Usa's are more expensive (even if you add the $20 extra for Aristo to have metal wheels), but have metal wheels, greater detail on some cars, and do have multiple road numbers on most cars, but I don't like their couplers.

As for engines I like Aristo better, price is similar but three big things for me are 
1) the Aristo engines have a 5 year warranty (no questions asked in every instance I have had), USA only has 1 year warranty (to be fair though they do have a large parts stock on hand for there stuff)
2) The second thing is most newer Aristo engines have ball bearing motor blocks and can handle the extra weights which make them much better pullers than most USA engines. The USA engines I have (SD70,F3,PA's) use bushings on their axles, also there axle gears tend to split/strip if you overload them (my new PA stripped a gear on its first run of a 5 car streamliner set). They use traction tires and sliders to make up for the lack of being able to carry the extra weight. 
3) The newer Aristo engines have a Plug and Play DCC/REVO socket, which for me is huge since I am using DCC control and it takes about 15 minuted to drop in a QSI dcc sound/motor controller and your all set.
USA engines as of right now must be hardwired.

Ron


----------



## tacfoley (Jan 3, 2008)

Posted By Spule 4 on 15 Apr 2011 10:40 PM 
Avoid Accucraft if you run outdoors, in the sun, for an hour or more..... I'm glad I read the rest of the thread, else I would have been really worried. We had some sun last year here in yUK, and I have to admit that none of my AccuCraft stuff actually melted. AAMOF, ALL of my AccuCraft locos are steamers, and by rights should be safe to operate with a bit of heat....

Best

tac
www.ovgrs.org
Founding Member and Chairman/Supporter of the Swiss Watch Collectors' Association of East Anglia


----------



## eheading (Jan 5, 2008)

I am puzzled. I am not trying to start a war here, but I keep hearing how robust LGB locos are, and how they "run for ever". I have only two LGB Moguls, which I have been very fond of. However, BOTH of these locomotives have stripped out their geartrains. All of the rest of my locomotives are Aristo, predominantly diesel engines. I have NEVER stripped out a gear train in one of the Aristo engines. Right now, I'm not real enamored with the "ruggedness" of my Moguls.

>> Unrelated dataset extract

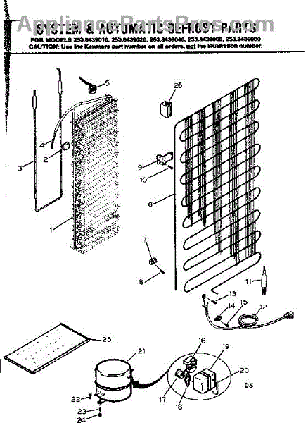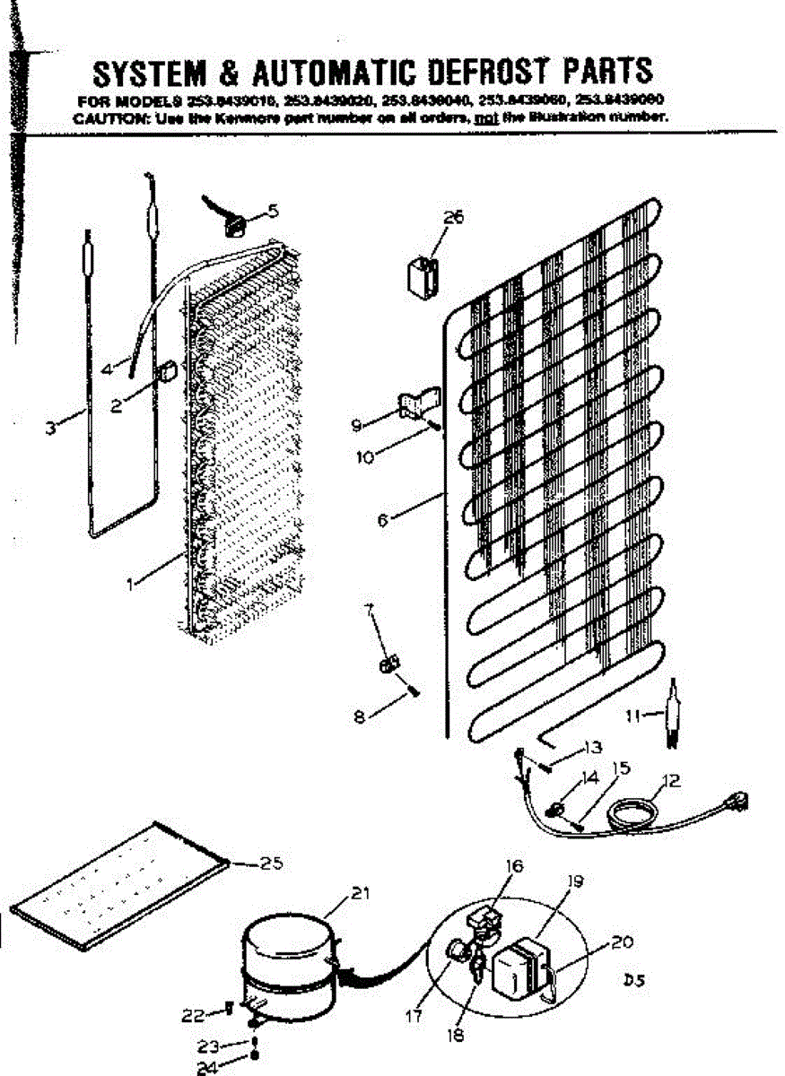 Parts for Kenmore 253.8439010 (2538439010, 253 8439010): System & Automatic Defrost Parts
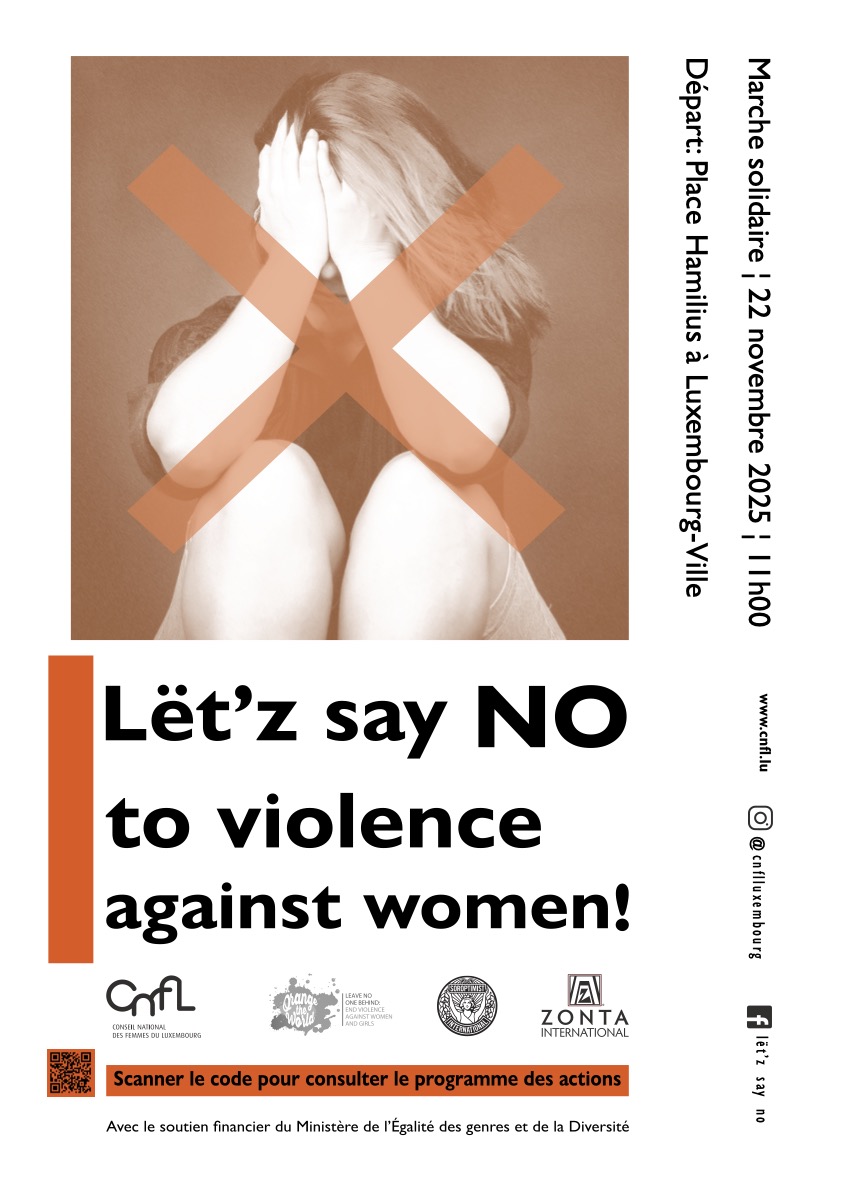 Le samedi 22 novembre, une « marche de solidarité » est organisée par le Conseil national des Femmes du Luxembourg. Le départ de la marche est prévu à 11.00 heures sur la place Hamilius.

Am I the only one who has experienced this??

Ed


----------



## NTCGRR (Jan 2, 2008)

" I am not trying to start a war here" 

Ed I'm surprised at you!!!!


----------



## Spule 4 (Jan 2, 2008)

Posted By tacfoley on 16 Apr 2011 03:37 AM 
Posted By Spule 4 on 15 Apr 2011 10:40 PM 
Avoid Accucraft if you run outdoors, in the sun, for an hour or more..... I'm glad I read the rest of the thread, else I would have been really worried. We had some sun last year here in yUK, and I have to admit that none of my AccuCraft stuff actually melted. AAMOF, ALL of my AccuCraft locos are steamers, and by rights should be safe to operate with a bit of heat....

Best

tac
http://www.ovgrs.org/
Founding Member and Chairman/Supporter of the Swiss Watch Collectors' Association of East Anglia 




At that point I would be more worried about rust tac!

The LGB Mogul gears....are these the early/first prodcution ones perhaps? They did have some gear problems, otherwise, look at maintenance and overloading as the cause.


----------



## Dan Pierce (Jan 2, 2008)

The main reason any engine by any mfg strips a gear is usually overloading the engine.

Many add weights to engines and this compounds the gear failure.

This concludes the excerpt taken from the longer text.